São Paulo's municipal digital infrastructure is carrying a hidden weight. Across platforms managed by the Prefeitura de São Paulo and the state's Prodesp technology agency, duplicate image files — scanned documents, ID photos, property records, cadastral photographs — have accumulated over years of rushed digitisation drives, creating bottlenecks that slow processing times, inflate storage costs, and delay benefits for residents who can least afford to wait.
The problem is not abstract. When a family in Capão Redondo submits paperwork for a Minha Casa Minha Vida housing unit, that application typically passes through at least three separate city systems, each of which may store its own copy of the same scanned identity document. The redundancy is baked in, a legacy of digitisation campaigns that prioritised speed over architecture. Municipal IT administrators have been working since early 2025 to audit these systems as part of the Prefeitura's broader São Paulo Inteligente programme, launched under Mayor Ricardo Nunes, but the clean-up is nowhere near complete.
Why the Backlog Hits Ordinary Residents Hardest
Storage costs are one part of the equation. Cloud and hybrid storage contracts held by municipal and state agencies are priced per gigabyte, and duplicated image files — which can run to several megabytes each for high-resolution scans — drive those invoices up without delivering any additional service value. That money comes directly from public budgets that also fund health posts in Cidade Tiradentes and bus lanes on Avenida Radial Leste.
The slower, less visible cost is processing lag. Database queries that must sift through duplicate records take longer to return results. In practice, that translates to longer queues at POUPATEMPO service centres — particularly the high-volume units at Itaquera and Sé — where attendants wait for screens to load while residents stand in line. An internal review framework for São Paulo state digital services, referenced in Prodesp's 2024 annual operational report, identified image deduplication as one of the top three recommendations for improving system response times, alongside server consolidation and API standardisation.
The issue sits inside a larger São Paulo story. The city has positioned itself as Latin America's tech capital, with over 1,000 startups operating out of hubs like Cubo Itaú on Rua Cubatão in Paraíso and the TECNOPUC-adjacent cluster in Pinheiros. Several of those startups — including companies working in govtech and document management — have pitched deduplication tools to municipal and state procurement offices. The contrast between the private sector's capacity to solve the problem and the pace of public-sector adoption is a recurring tension in city hall corridors.
What the City Is Doing — and What Residents Can Push For
The São Paulo Inteligente programme includes a specific workstream called Gestão de Ativos Digitais, which is meant to address exactly this class of problem. According to the programme's publicly available 2025 roadmap document, the asset management workstream was scheduled to complete a first-phase audit of image repositories across 12 municipal secretariats by March 2026. Whether that deadline was met has not been confirmed in any public communication from the Secretaria Municipal de Inovação e Tecnologia as of the date of this report.
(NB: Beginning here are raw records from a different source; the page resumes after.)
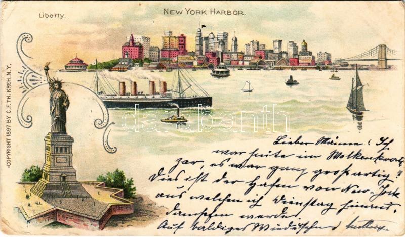 1900 New York, Harbor, Statue of Liberty, steamships. Copyright 1897 by C.F.TH. Kreh. litho (EK)
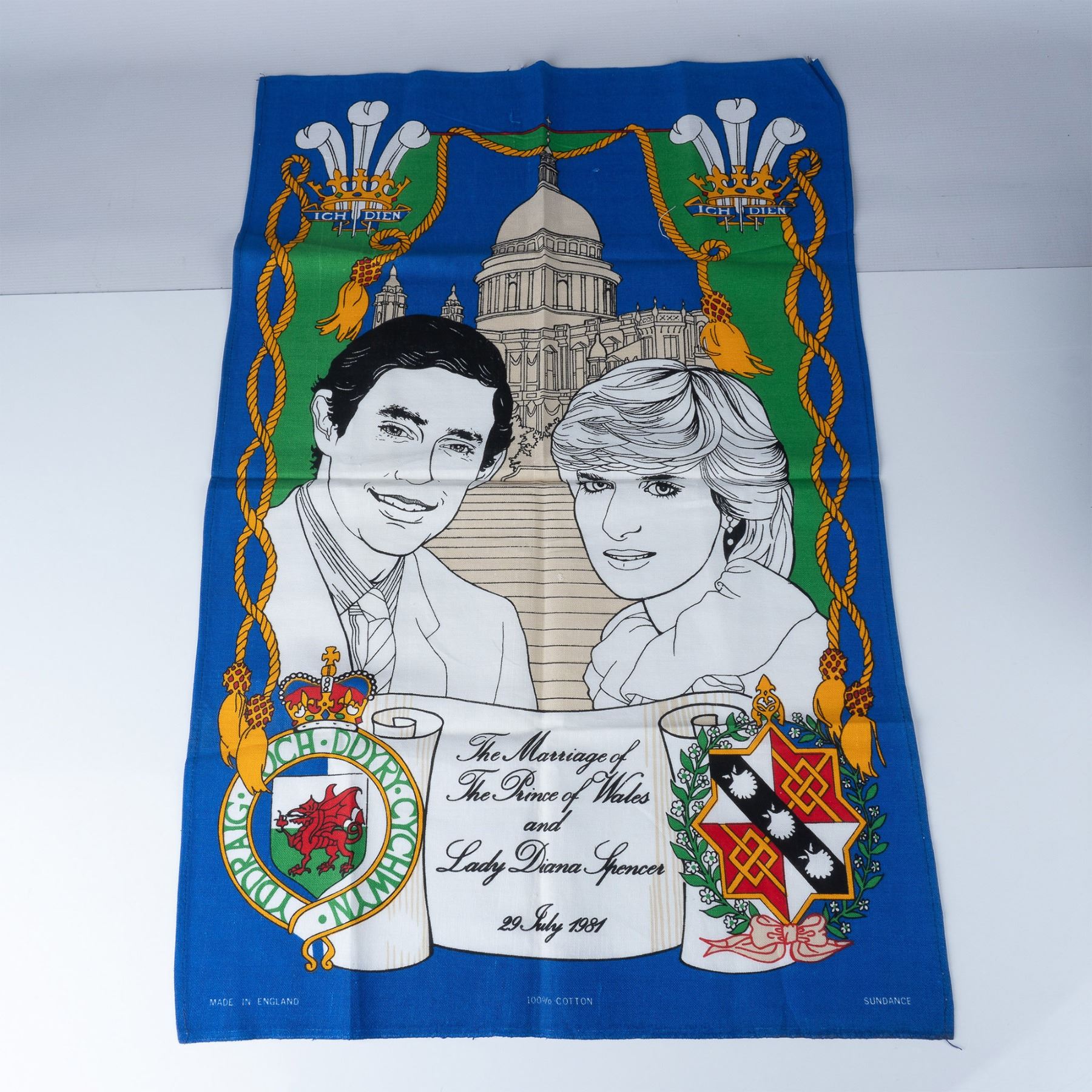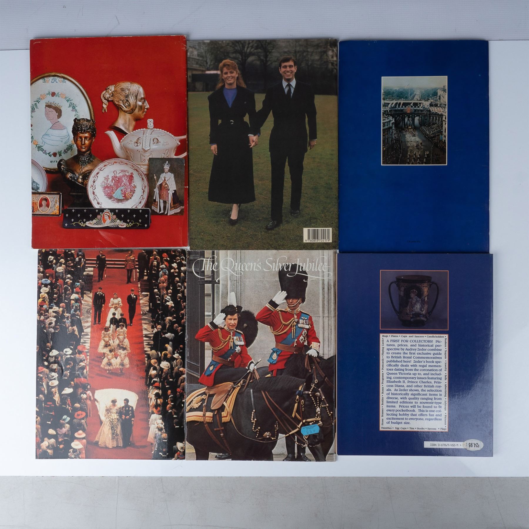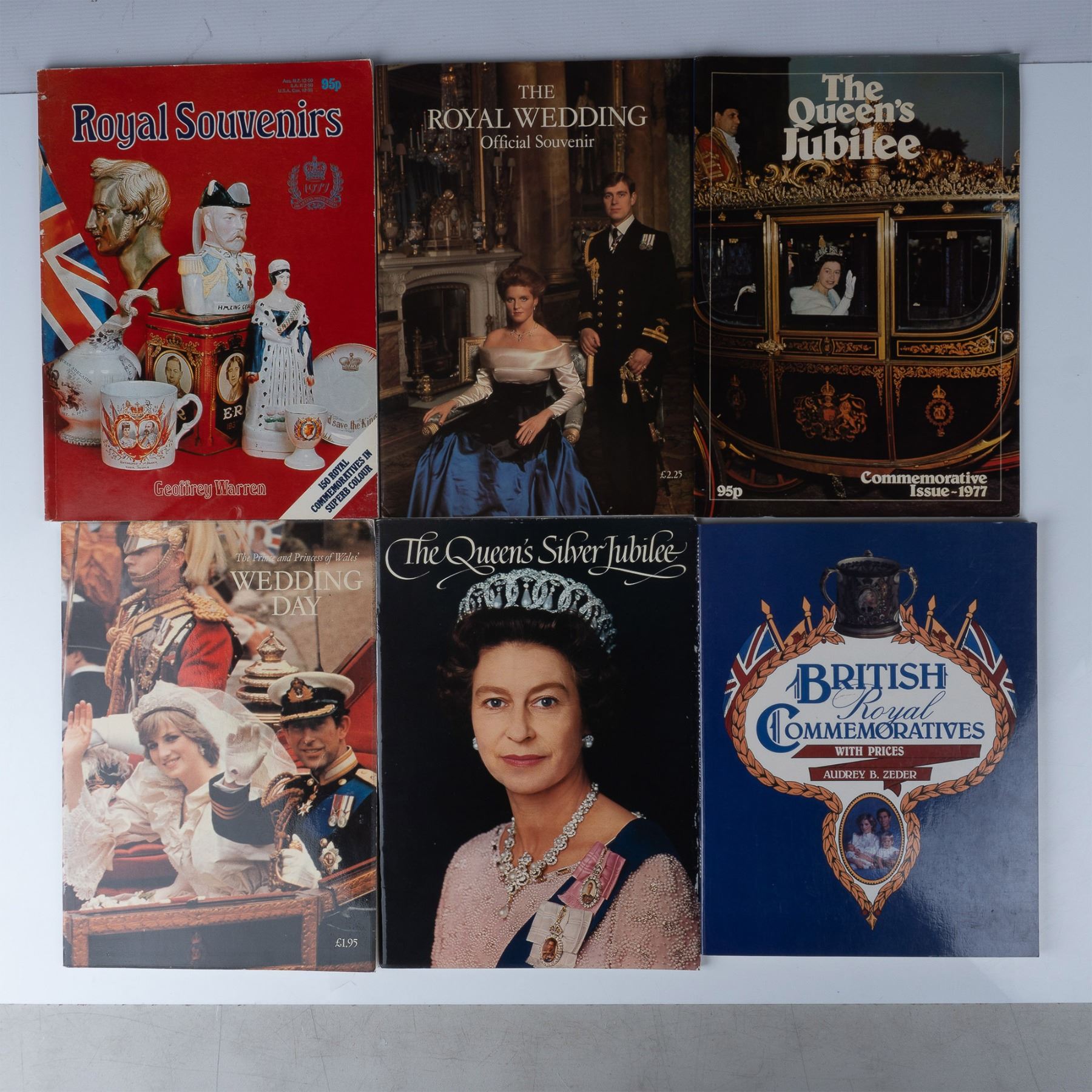 Titles including: The Prince and Princess of Wales' Wedding Day (1981) by Audrey B. Zeder, The Queen's Jubilee (1977), Royal Souvenirs (1977) by Geoffrey Warren and many more. This collection features 3 commemorative cotton textiles, showcasing Prince Charles and Lady Diana, a London scene and a festive Crown with Trooping the Colour motif. Dimension of largest book: 8.75"L x 11.75"H. Dimension of largest textile: 20"L x 30"H.
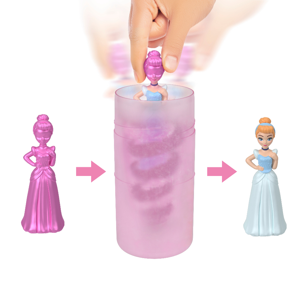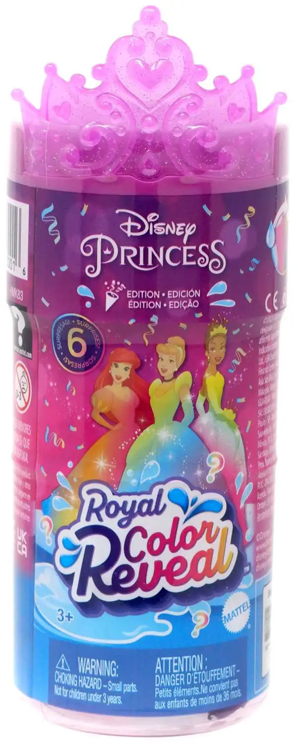 Llega una emocionante experiencia de desempaquetado con las muñecas pequeñas Princesas Disney! A los fans les encantarán las muñecas Royal Color Reveal, pero ¿qué Princesa les tocará? Cada muñeca es un misterio hasta que se les añade agua, lo que activa la tecnología Color Reveal. Cinco sorpresas más incluyen una falda suave, un anillo para la niña y piezas de juego con temática de fiesta. Cada muñeca se vende por separado y está sujeta a disponibilidad. Las muñecas no se tienen en pie solas. Edad recomendada:+3Años.

Civil society organisations that monitor digital governance, including Transparência Brasil, which maintains offices on Rua Bela Cintra in Consolação, have advocated for public disclosure of the audit results. Residents who interact with municipal digital services — particularly those using the SP156 app to file service requests or the Poupatempo Digital portal for document renewals — have a practical stake in whether the clean-up produces measurable improvements in wait times this year.
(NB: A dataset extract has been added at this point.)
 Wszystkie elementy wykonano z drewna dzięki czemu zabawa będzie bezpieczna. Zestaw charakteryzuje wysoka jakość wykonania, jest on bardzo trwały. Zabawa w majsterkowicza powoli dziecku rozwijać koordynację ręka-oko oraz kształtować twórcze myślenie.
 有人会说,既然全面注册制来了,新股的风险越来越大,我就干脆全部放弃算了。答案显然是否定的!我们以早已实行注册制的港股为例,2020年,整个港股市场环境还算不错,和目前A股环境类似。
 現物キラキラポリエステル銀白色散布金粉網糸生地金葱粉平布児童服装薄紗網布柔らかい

For now, the most concrete step residents can take is to report system slowdowns through SP156, tagging complaints under the Atendimento Digital category, which feeds directly into the Secretaria's performance tracking dashboard. Enough volume of complaints, city technology officials have noted in public forums, accelerates internal prioritisation. The fix is technical, but the pressure to execute it is political — and in São Paulo, that pressure starts on the ground.